714.11
Schiffahrtsverordnung
vom 25.04.1980 (Stand 01.10.2016)
Landammann und Regierungsrat des Kantons St.Gallen
erlassen
in Anwendung von Art. 3 des Gesetzes über die Schiffahrt auf öffentlichen Gewässern vom 21. Juni 1965, in Ausführung der Bundesgesetzgebung über die Binnenschiffahrt, in Anwendung internationaler und interkantonaler Abkommen über die Schiffahrt auf Grenzgewässern
als Verordnung:
(1.) I. Strassenverkehrs- und Schiffahrtsamt
Art. 1 Zuständigkeit
Soweit diese Verordnung nichts anderes bestimmt, übt das Strassenverkehrs- und Schiffahrtsamt die Befugnisse aus, die die eidgenössische und die interkantonale Gesetzgebung über die Schiffahrt, den Kantonen zuweisen.
Vorbehalten bleibt die polizeiliche Überwachung des Schiffsverkehrs.
Art. 2 Organisation
Im Strassenverkehrs- und Schiffahrtsamt besteht eine Abteilung für Schiffahrt.
Sie besorgt die Geschäfte in ihrem Aufgabenbereich selbständig nach allgemeinen Weisungen des Sicherheits- und Justizdepartementes.
(2.) II. Schiffe und Schiffsführer
Art. 3 Auskunft aus dem Schiffsregister
Das Register der Namen der Halter und der Kennzeichen der Schiffe kann eingesehen werden.
Es kann veröffentlicht werden.
Der Versicherer wird bekanntgegeben, wenn ein zureichendes Interesse glaubhaft gemacht wird.
Art. 4 Führerprüfungen
Das Sicherheits- und Justizdepartement kann die Durchführung der praktischen Führerprüfung für Segelschiffe (Kategorie D) geeigneten Privaten übertragen.
Diese führen die Prüfungen nach den Weisungen und unter Aufsicht des Strassenverkehrs- und Schiffahrtsamtes durch.
Art. 5
Verfügungen über Schiffe und Schiffsführer können mit Rekurs bei der Verwaltungsrekurskommission angefochten werden.
(3.) III. Verkehrsanordnungen
Art. 6 Begriff
Verkehrsanordnungen sind Massnahmen, die durch Verbots- und Gebotszeichen sowie andere Schiffahrtszeichen mit Vorschriftscharakter angezeigt werden.
Art. 7 Vorübergehende Anordnungen
Die Polizei und die Organe des Seerettungsdienstes können den Verkehr in besonderen Fällen vorübergehend beschränken.
Art. 8 Öffentliche Bekanntmachung
Dauernde Verkehrsanordnungen werden im kantonalen Amtsblatt und im amtlichen Publikationsorgan der Ufergemeinde veröffentlicht.

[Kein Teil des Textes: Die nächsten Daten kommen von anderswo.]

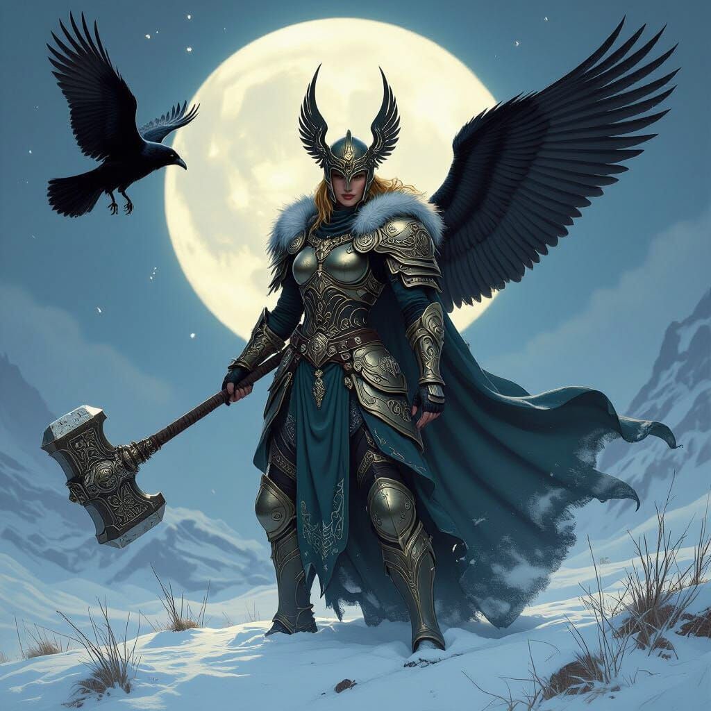 A powerful Valkyrie warrior stands on a snowy battlefield. She wears Norse armor and a winged helmet, wielding a warhammer, with a raven flying overhead. The image is rendered with Art Nouveau lines and dramatic lighting.
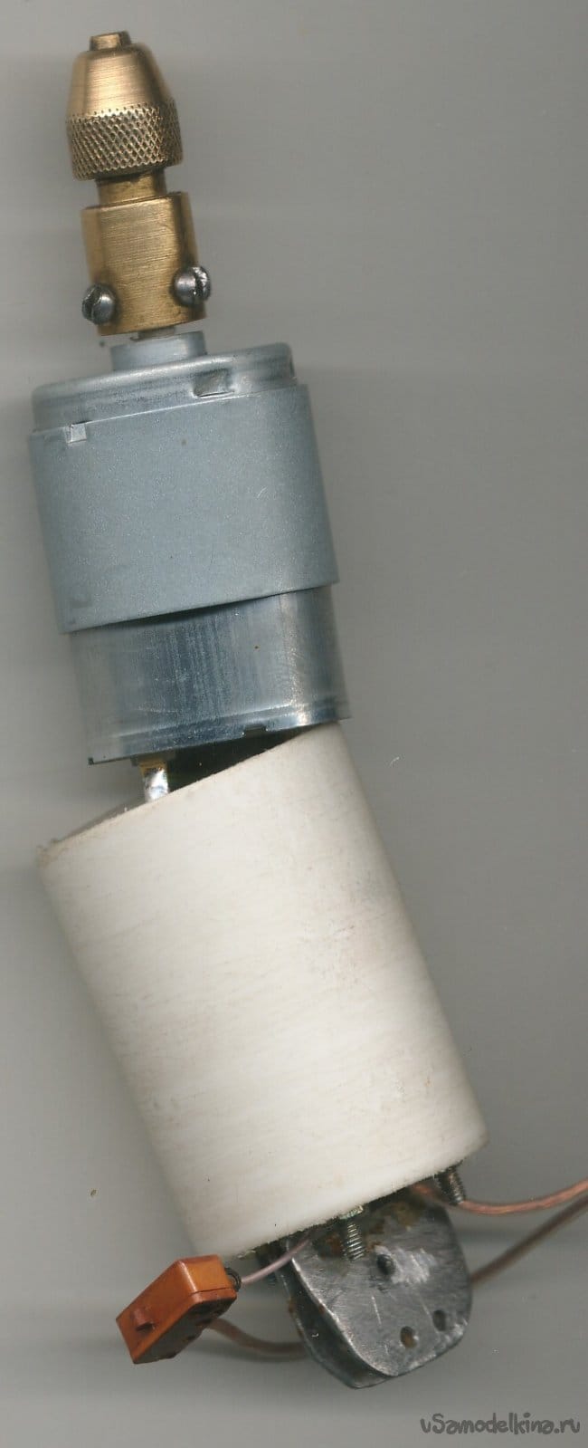 На выступающую часть корпуса моторчика (где ось якоря), надел отрезок резиновой трубки. Это для того, чтобы при сборке и эксплуатации корпус при нажиме не сместился и не повредил контакты мотора.
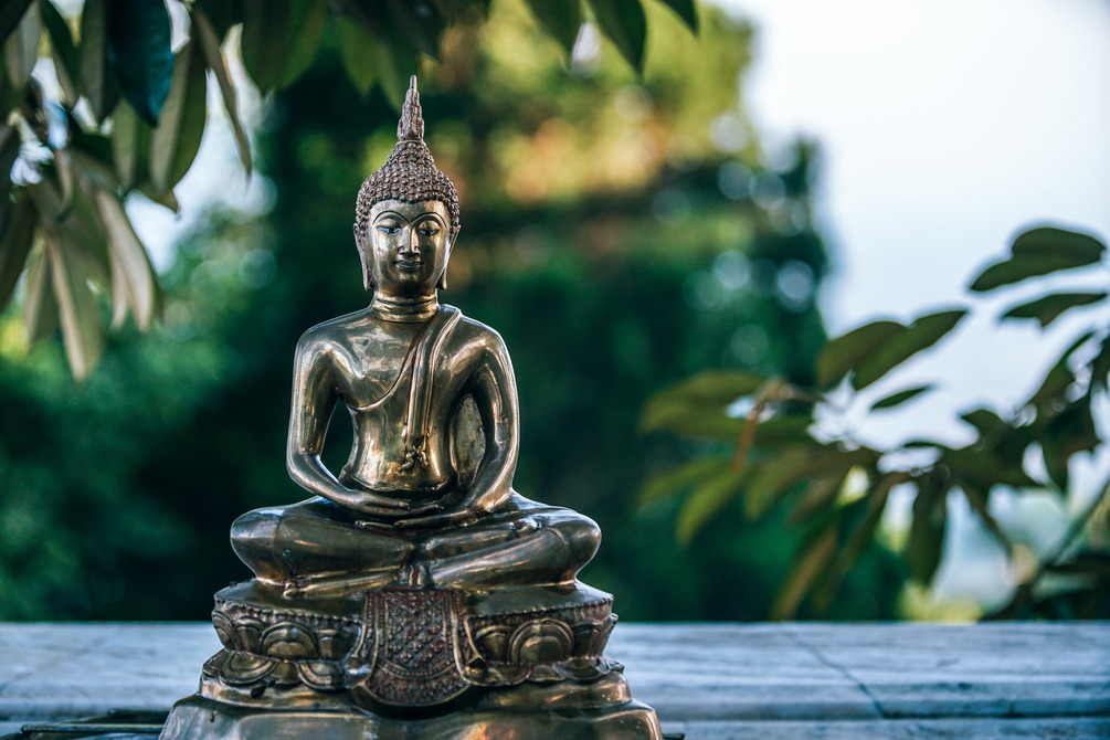 Small Golden Buddha Statue surrounded by Green Leaves (6000 x 4000px)
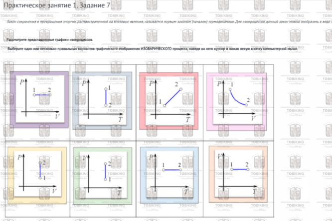 Закон сохранения и превращения энергии, распространенный на тепловые явления, называется первым законом (началом) термодинамики.Для изопроцессов данный закон можно отобразить в виде графиков. Рассмотрите представленные графики изопроцессов. Выберите один или несколько правильных вариантов графического отображения ИЗОБАРИЧЕСКОГО процесса, наведя на него курсор и нажав левую кнопку компьютерной мыши..
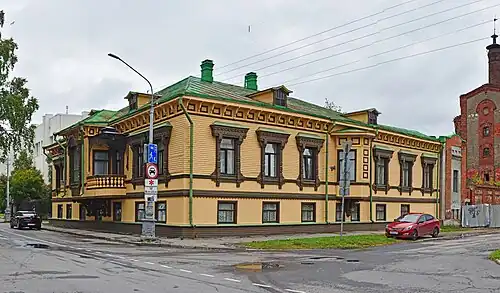 9Особняк А. Суркова, улица Попова, 1(пересечение с набережной Северной Двины). Украшенный резьбой деревянный особняк был построен в 1851 году и принадлежал крупному архангельскому промышленнику Альберту Суркову. Сейчас в здании находится детская школа искусств. Рядом можно увидеть находящийся в безобразном состоянии, но всё еще живописный комплекс зданий пивоваренного завода Суркова.июн2015
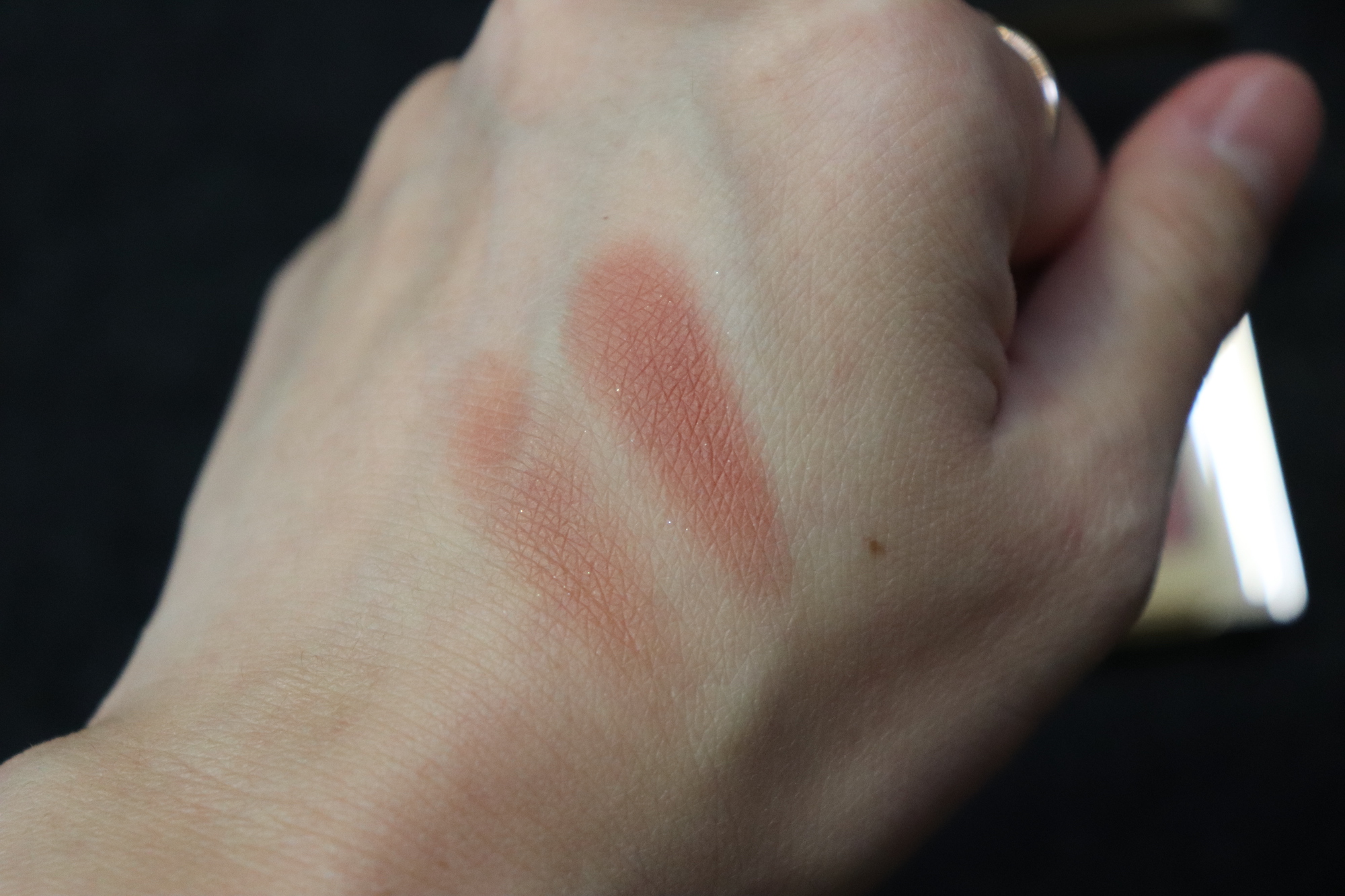 오늘은 화장하는 날이 아니어서(?) 발색은 손등에... 한번 발랐을 때, 두번 발랐을 때 발색 차이 비교~ 개인적으로는 마음에 드는 색상과 발색력을 가지고 있다.

Beginn und Ende der Rekursfrist richten sich nach der Veröffentlichung im Amtsblatt.
Art. 9 Ausnahmen
Wer eine Verkehrsanordnung verfügt hat, kann aus wichtigen Gründen Ausnahmen bewilligen.
Art. 10 Kosten
Wer aus einer Verkehrsanordnung einen besonderen Vorteil zieht, kann verpflichtet werden, an die Kosten der öffentlichen Bekanntmachung, des Anbringens und des Unterhaltes der Schiffahrtszeichen beizutragen.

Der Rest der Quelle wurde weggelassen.